I get a lot of e-mails on a regular basis from PR firms pitching one story or another for their clients. Many times they don’t even have anything to do with beer because most firms don’t have a separate category and just lump all beverages, and usually food, together in one category. Today I got one that at first glance seemed destined for the delete key, though it was more interesting than most of the ones I get.

It was titled the “Ten Trends to Watch in Packaged Goods in 2007” and was complied by the market research company Datamonitor. Of the first nine, a few of their predictions could have some relevance to craft beer, but more likely to fringe malt beverages or other kinds of drinks. Those categories are Calorie Burning Beverages, Satiety-Enhancing Foods & Drinks, Local Sourcing of Ingredients, and Immunity Boosting Foods & Drinks.

Number 10, on the other hand, was “Better for You” Beer – Blame it on the “French Paradox.” Here it is in its entirety:

With beer losing ground to wine in many markets around the world, beer makers are beginning to fight back with new products promising new health benefits for beer. Stampede Light is claimed to be the “first ever government approved vitamin beer” for the USA market with its B-vitamins, folic acid and folate. In Germany, Karlesberg Braueri is out with a pair of new functional beers aimed at women. Karla Well-B, for instance, is made with lecithin, folic acid and other vitamins. Karla Balance mixes hops with lemon balm. Both products have just 1% alcohol by volume. Beer may never be the same.
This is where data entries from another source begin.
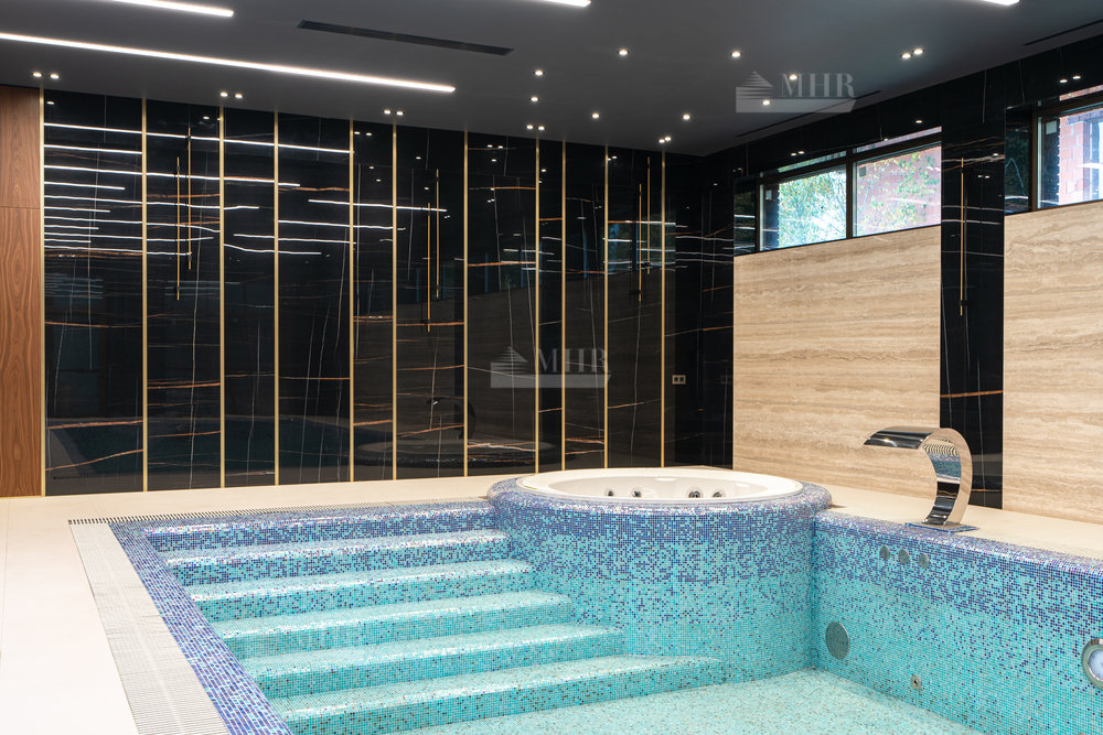 1-й этаж: прихожая, гардеробная, гостевой санузел, холл, кухня, просторная столовая, гостиная с камином, кабинет, спальня с гардеробной и ванной комнатами, коридор, сауна, комната отдыха, душевая, санузел, постирочная, галерея, связывающая основной дом с бассейном, гаражом, хозблоком и бойлерной.
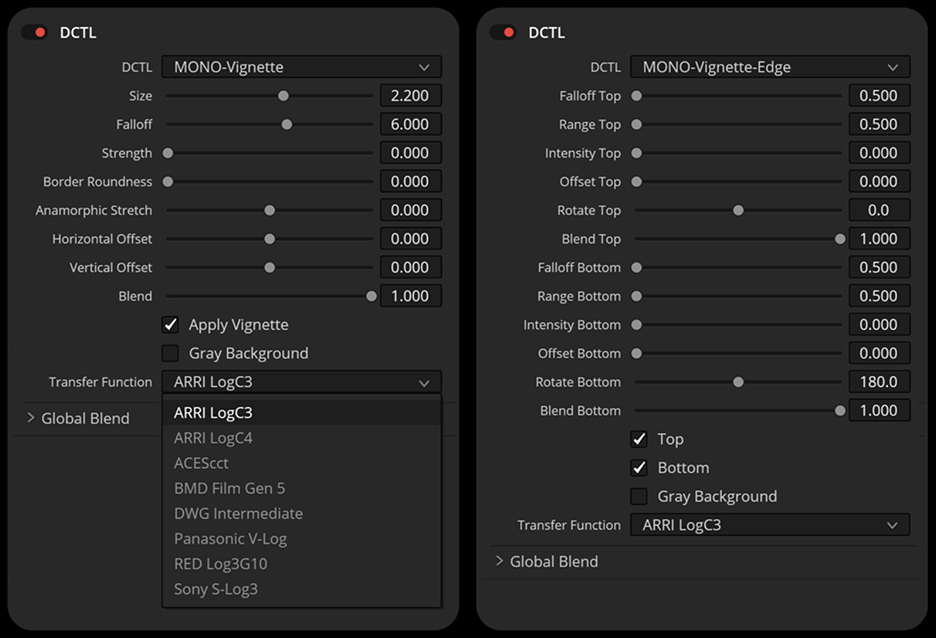 这两个暗角 DCTL 插件都提供了对图像形状和边缘衰减的精细控制。您可以调整大小、强度和衰减等参数来定义光线分布,或使用“边框圆角”、“变形拉伸”和“偏移”等控件来优化外观。预览选项(例如“灰色背景”)有助于在工作时精确地可视化形状。
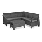 Corfu Relax grafit szett A Corfu Relax grafitkészlet egy rendkívül funkcionális sarok (méretei 182x182x79) és egy dohányzóasztal, amely a Corfu sorozat többi készletéből ismert. A nagy terasz sarok egy bútordarab, amelyet a sorozat rajongói várnak. Az erős ülés a háztartás tagjait és a vendégeket befogadja , a puha üléspárnák és a kontúros háttámlák biztosítják a megfelelő kényelmet. Az asztal és a sarok a technorattánt imitáló mintával vannak borítva, de rendkívül ellenálló műanyagból készülnek.
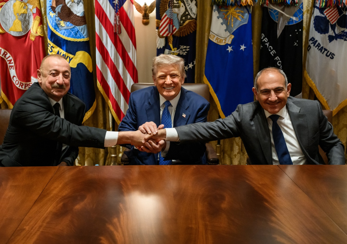 Ильхам Алиев, Дональд Трамп и Никол Пашинян Ильхам Алиев, Дональд Трамп и Никол Пашинян Фото: Daniel Torok/US White House via Global Look P/Global Look Press
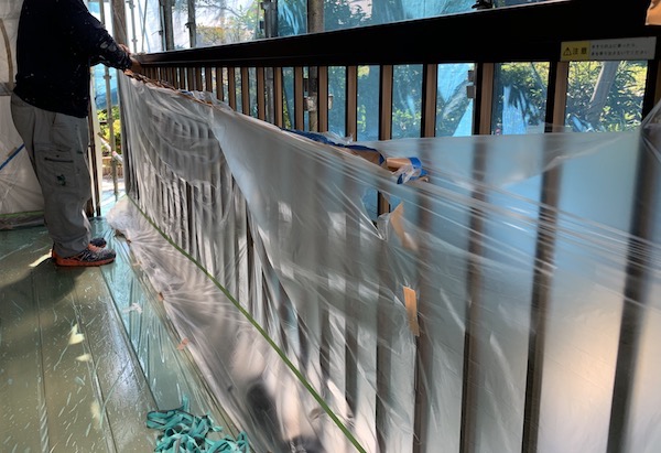 写真は、バルコニー手すりの養生シートをはいでいるところ。
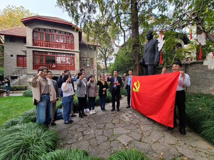 参观结束以后,党员们汇聚在周恩来总理的雕像前,久久伫立,深深缅怀,教工一支部在这个特殊的地方,开展了“重温入党誓词,坚定理想信念”的活动。党支部书记杨国勋组织全体党员重温入党誓词,“我志愿加入中国共产党……随时准备为党和人民牺牲一切,永不叛党。”铿锵有力的誓词,强烈震撼着在场的每一位党员,一字一句,洪亮而坚定,这一刻,党员们仿佛回到了那一年的上海,我们亦愿意为党和国家牺牲一切,而今新的时代,祖国已经强大了,我们会努力完成时代赋予我们的新任务,坚定信念,牢记责任和使命。
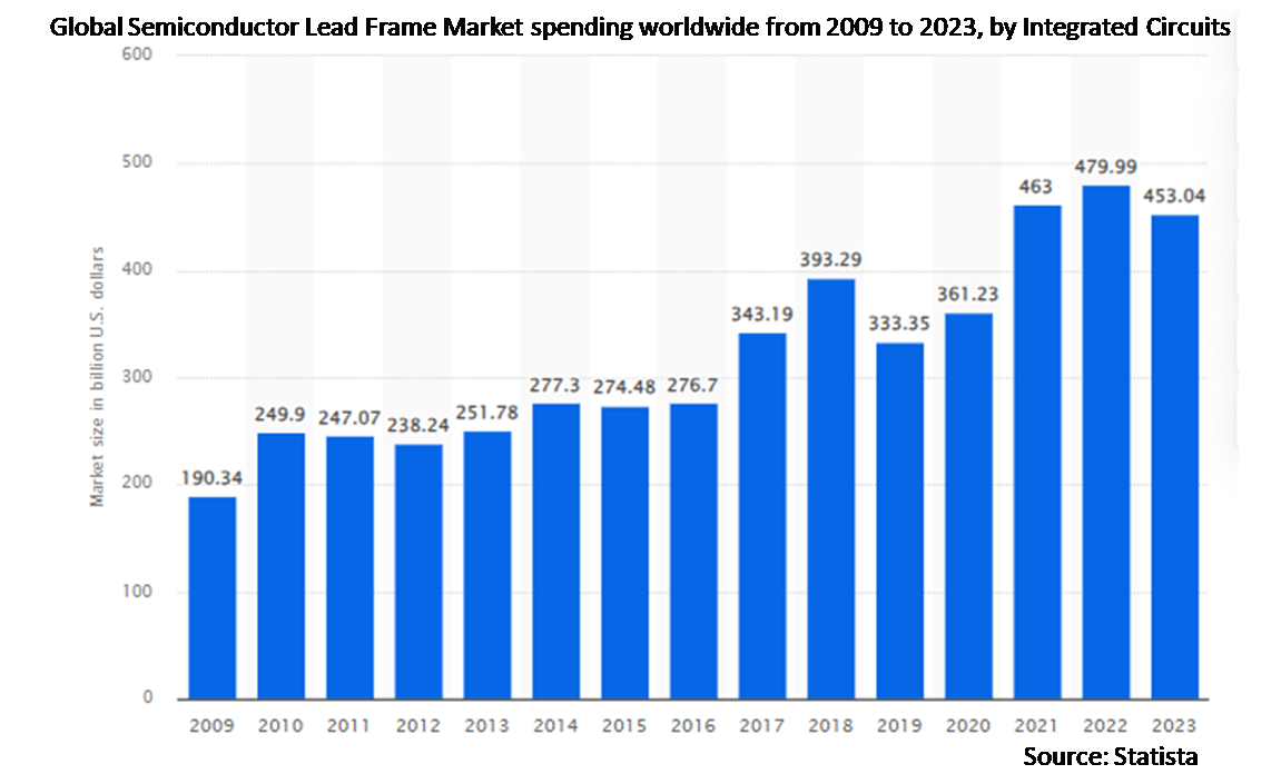 The global Semiconductor Lead Frame market expected to drive growth during the forecast period, due to increased demand for electronic devices and technological advancements, the global semiconductor market is expanding steadily. In Semiconductor a lead frame acts as a mediator between different materials and offers superior cooling and conductivity. Due to the need for lead frames in every semiconductor chip, this increase in semiconductor production presents opportunities for lead frame manufacturers.

That’s not one of the trends in beer I would have predicted needed watching, but then I don’t have the research apparently Datamonitor does. But I already have prima facie questions about it. Their initial justification is that “beer [is] losing ground to wine in many markets around the world.” But I haven’t seen anything more than polls that only anecdotally support that, and even some of that data doesn’t support that conclusion. Sales of beer are still many times wine (4 to 1 in the U.S.) so how true is that assertion?

I have no problem with the health benefits of beer being touted in beer marketing and advertising. Craft beer without any additives at all has many proven and theoretical health benefits. That the TTB doesn’t permit beer companies to make those claims because it might promote drinking is puritanical nonsense that has no place in a free society. Beer with health additives seem like novelties to me, however sincere their makers may be. Many I’ve tried taste just fine to me, but there appeal seems largely aimed at persons for whom the particular claim of each one resonates in some particular way for that customer. In other words, their appeal is more limited. They are, after all, niche products by definition and many are sub-niches of broader categories like health food products or organics.

So I just don’t see these as trends worthy of our constant attention next year. Far more likely trends to watch, I think, will be organic beers and gluten-free, but only time will tell. What do you think? What will be the hot new trends in beer next year?